Doubts About US Ether ETF Demand Herald Test for Second-Largest Token

Debut US exchange-traded funds for the Ether cryptocurrency may generate much less demand than spot-Bitcoin products, according to analysts, muddying the outlook for the second-largest token.

BlackRock Inc. and Fidelity Investments are among the issuers seeking to list Ether funds pending final Securities and Exchange Commission approvals. JPMorgan Chase & Co. strategists expect far smaller Ether ETF net inflows versus the $15.3 billion that has poured into Bitcoin vehicles this year.

The five-month-old Bitcoin ETFs benefited from a controversial narrative that pitches the market-leading token as digital gold, a spin that Ether lacks. The Ether funds also won’t offer so-called staking rewards for blockchain maintenance, a return that can be harnessed by owing the token directly.
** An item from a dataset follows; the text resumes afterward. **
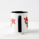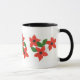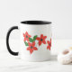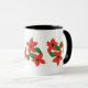 Une tasse à café blanche design avec une jante noire et une poignée et des bouquets de fleurs rouges, d'un collage en papier peint à la main par Judy Adamson.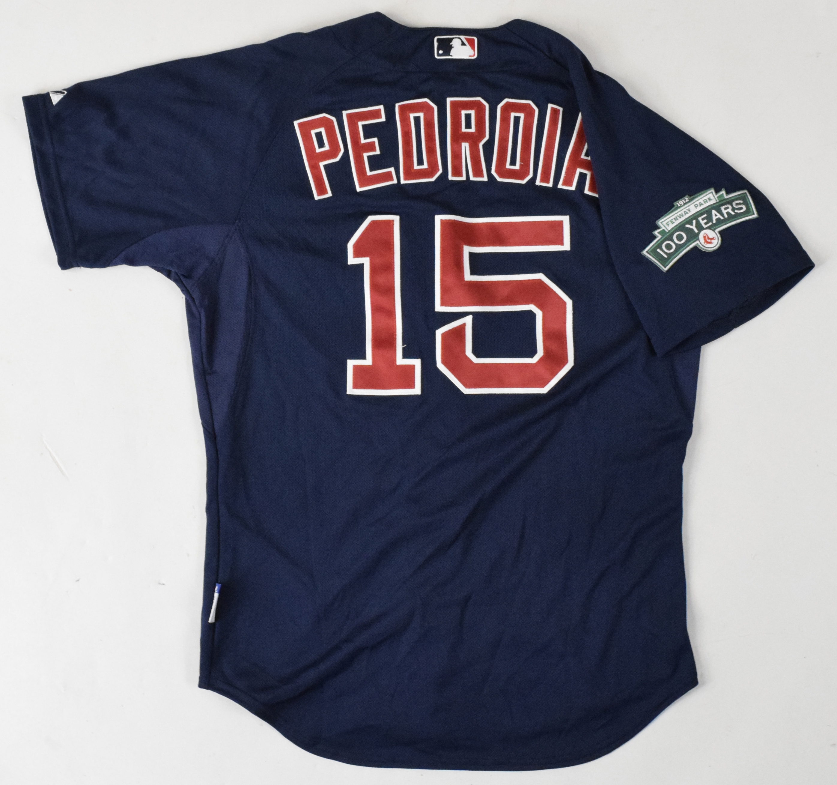 Description:2012 Dustin Pedroia game worn Boston Red Sox jersey with Fenway Park patch - MLB Authenticated (EX outstanding use, HR game). Majestic MLB Authentic Collection size 42 Red Sox #15 Dustin Pedroia jersey with Fenway Park 100 Years patch sewn on the right sleeve, and "15 42 '12" strip tag sewn on the front tail below the Majestic tagging. Pedroia wore the jersey during their July 27th game against the Yankees, going 2-4 with a homer. MLB Authenticated serial #EK203048 hologram sticker is on the jersey. Heavydirt stains on the front: EX ($1,000-$2,000)

“Ether doesn’t have the profile of Bitcoin,” said BTC Markets Pty Chief Executive Officer Caroline Bowler, adding that Bitcoin’s market value of $1.4 trillion is three times larger than Ether’s. “It won’t have the same impact.”

Surprise Pivot

The SEC last month surprisingly pivoted toward approval of spot-Ether ETFs after grudgingly allowing Bitcoin funds in the wake of a court reversal in 2023. The shift boosted Ether’s price but over the past year the token’s 109% advance still lags a 169% surge in Bitcoin that included a record high in March.